- Aim of the exercise:
With the pictures removed, please write out every line below exactly as given.

[[ Dataset content, beginning ]]

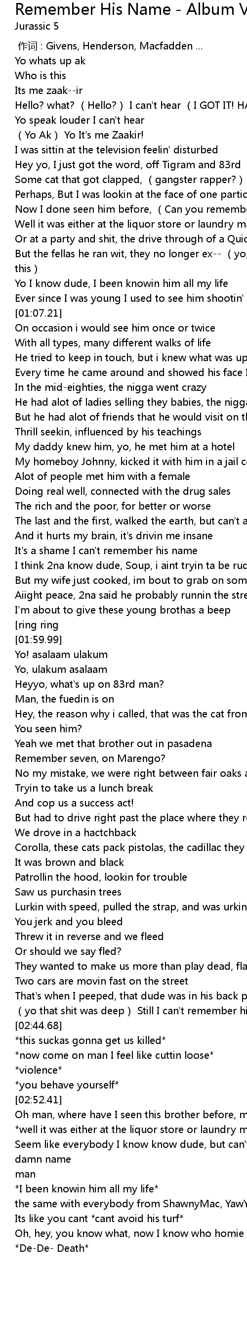 | [02:42.53] | (yo that shit was deep) Still I can't remember his name.. |
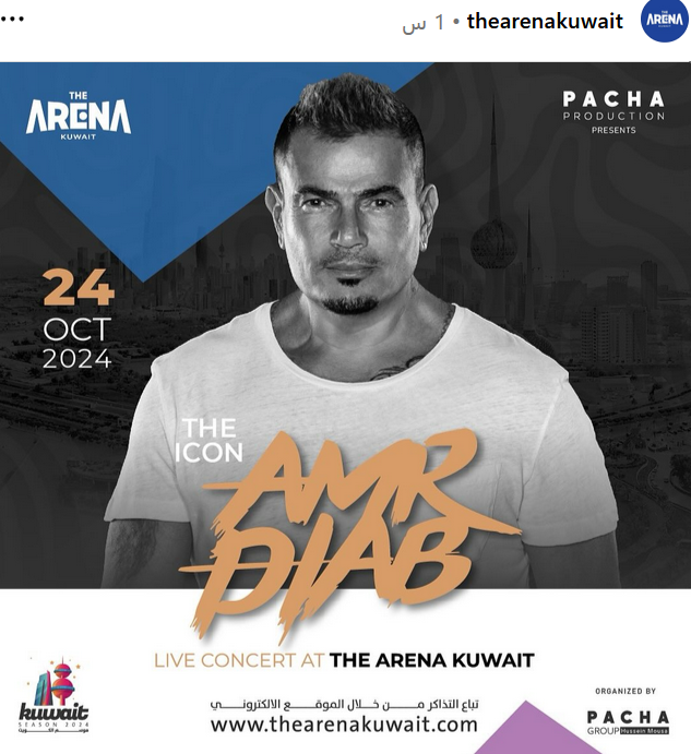 يقام حفل عمرو دياب في 24 أكتوبر المقبل، على مسرح الكويت أرينا، وتم طرح التذاكر عبر الموقع الإلكتروني الخاص بها.
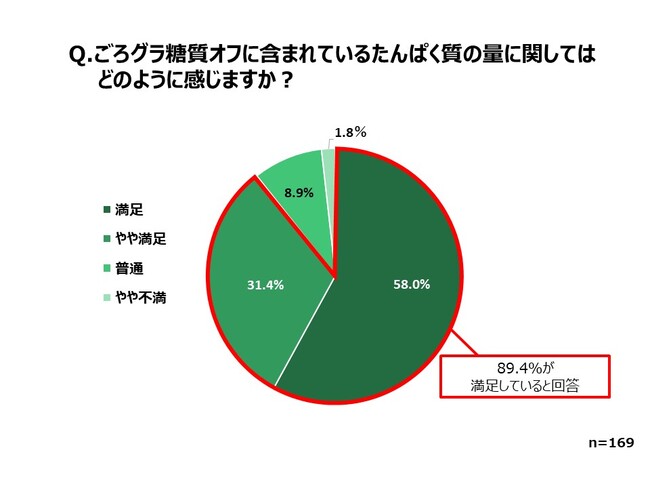 ◆89%が「ごろグラ糖質オフ」に含まれているたんぱく質の量に「満足」「やや満足」と回答
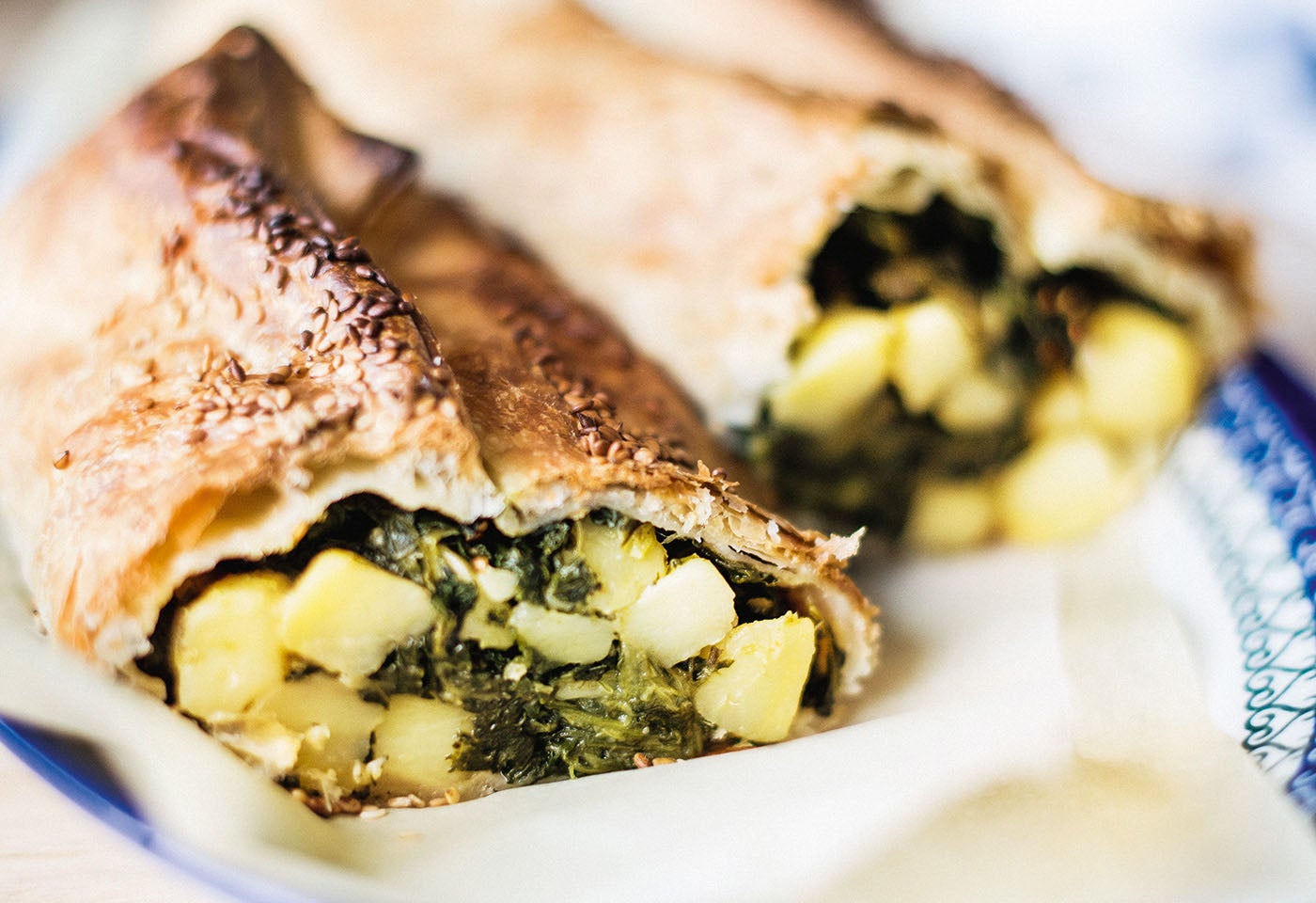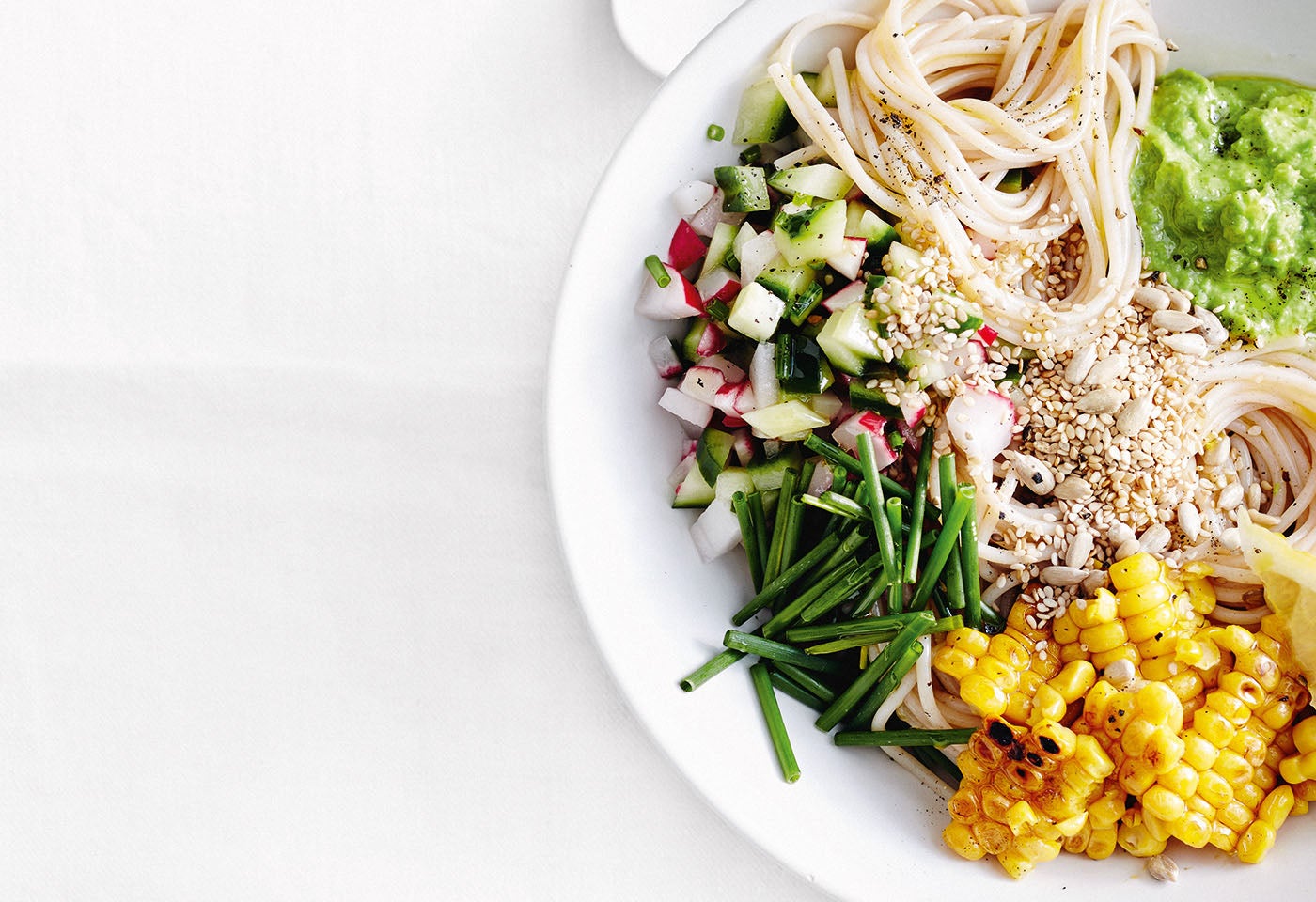 Vegane Spaghetti-Bowl mit Erbsen-Sesammus und Gurkensalsa

[[ Dataset content, end ]]

- Response area:
 | [02:42.53] | (yo that shit was deep) Still I can't remember his name.. |
 يقام حفل عمرو دياب في 24 أكتوبر المقبل، على مسرح الكويت أرينا، وتم طرح التذاكر عبر الموقع الإلكتروني الخاص بها.
 ◆89%が「ごろグラ糖質オフ」に含まれているたんぱく質の量に「満足」「やや満足」と回答
 Vegane Spaghetti-Bowl mit Erbsen-Sesammus und Gurkensalsa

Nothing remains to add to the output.